Signs You May Have Been Mis-Sold
Not every PCP agreement qualifies for a claim, but there are several warning signs that suggest you may have been mis-sold your finance deal. These include:
- The total cost of the agreement was not clearly explained
- You were not informed that the dealer or broker received a commission
- The interest rate seemed high without justification
- You felt rushed or pressured into signing
- Add-on products were included without your clear approval
- You believed you were purchasing the vehicle outright when you were not
If any of these situations sound familiar, it may be worth reviewing your finance agreement or seeking independent advice.
What Can You Claim For?
A valid claim could result in compensation or a refund of the interest you should not have paid. In some cases, this might mean a partial refund of payments or the removal of the interest portion of the agreement. Each situation is assessed on a case-by-case basis, and outcomes can vary depending on the details of the agreement and the evidence available.
Importantly, even if you have finished repaying the agreement or no longer own the vehicle, you may still be eligible to raise a concern. Claims are typically based on how the deal was presented at the point of sale, not on whether the car is still in your possession.
Steps to Take if You Suspect Mis-Selling
If you think your finance agreement may have been mis-sold, taking action does not have to be difficult. The key is to start by gathering information and understanding your options.
Start with the following steps:
- Locate your original finance agreement and review the terms
- Make a note of any details you were told at the time of signing, particularly relating to interest and commission
- Check if there are any unexplained or bundled extras included in your contract
- Consider how the deal was explained to you and whether you were given the chance to compare finance options
- If you were unaware of commission payments or were misled about the structure of the deal, explore whether you may qualify for a claim
Keep all documents and correspondence in a safe place, as they may be useful if you decide to escalate the matter.

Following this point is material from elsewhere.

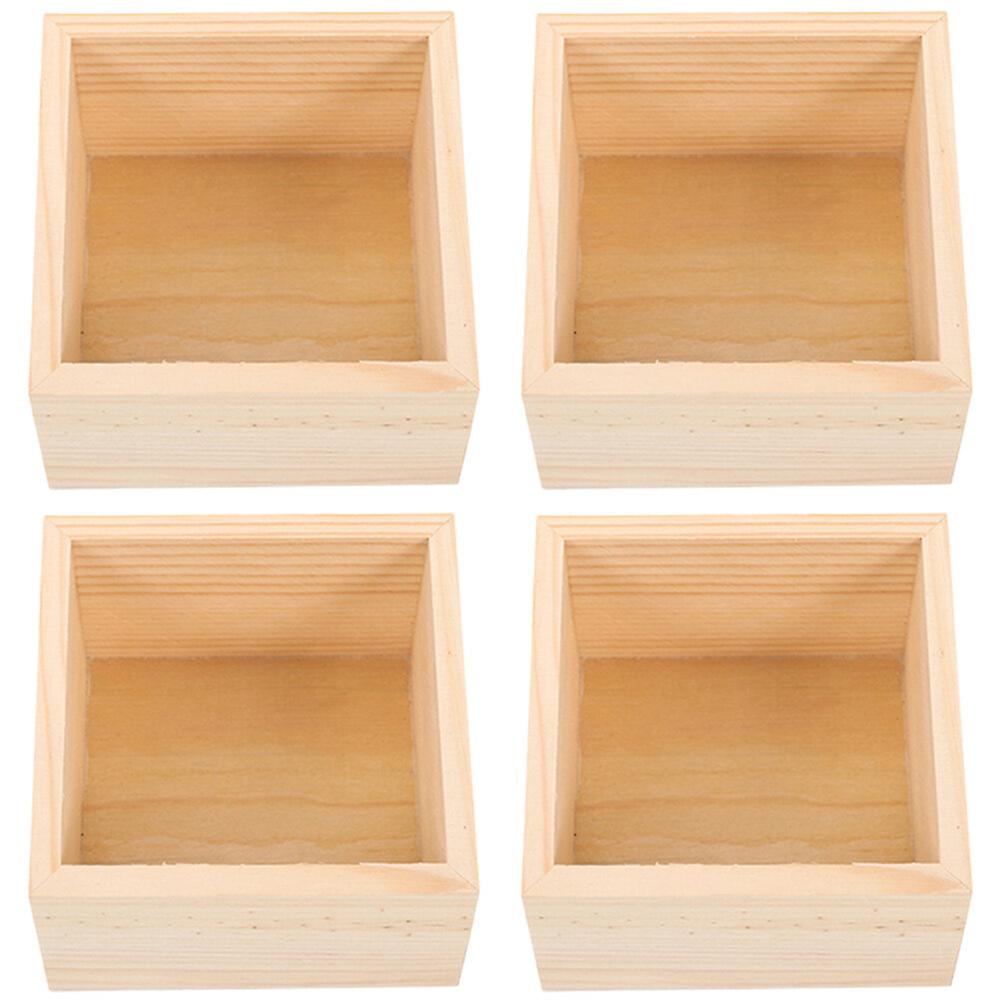 4Pcs Wooden Boxes Lidless Wooden Boxes Tabletop Wood Boxes Small Square Wooden Boxes

How PCP Claims Fit into the Bigger Picture
The rise in PCP claims is part of a broader review of fairness in consumer lending. Many people are only now beginning to realise how little they knew about the finance products they signed up for. Greater awareness, combined with a push for regulatory reform, has created a new environment where consumers are more empowered to question their agreements.
In addition to PCP-related complaints, other car finance claims are also gaining attention, including those involving hidden fees, bundled add-ons, or vague contract terms. Together, these concerns are prompting industry-wide discussions about transparency, disclosure, and the future of car finance in the UK.
Final Thoughts
For many drivers, a PCP agreement felt like a practical way to afford a car. However, if that deal was not clearly explained, or if the terms were skewed by undisclosed incentives, the long-term impact could be significant. In 2025, more people than ever are taking a second look at their agreements and asking important questions about fairness and transparency.
If your finance agreement was signed between 2007 and 2021 and involved a PCP structure, you may have grounds to explore a claim. It is not just about the money, but also about holding the industry to account and ensuring that future buyers are given the clear, honest information they deserve.
Understanding your rights and knowing the signs of mis-selling can make all the difference. Before accepting that your finance agreement was fair, take a moment to revisit the paperwork and see whether you were given the full picture.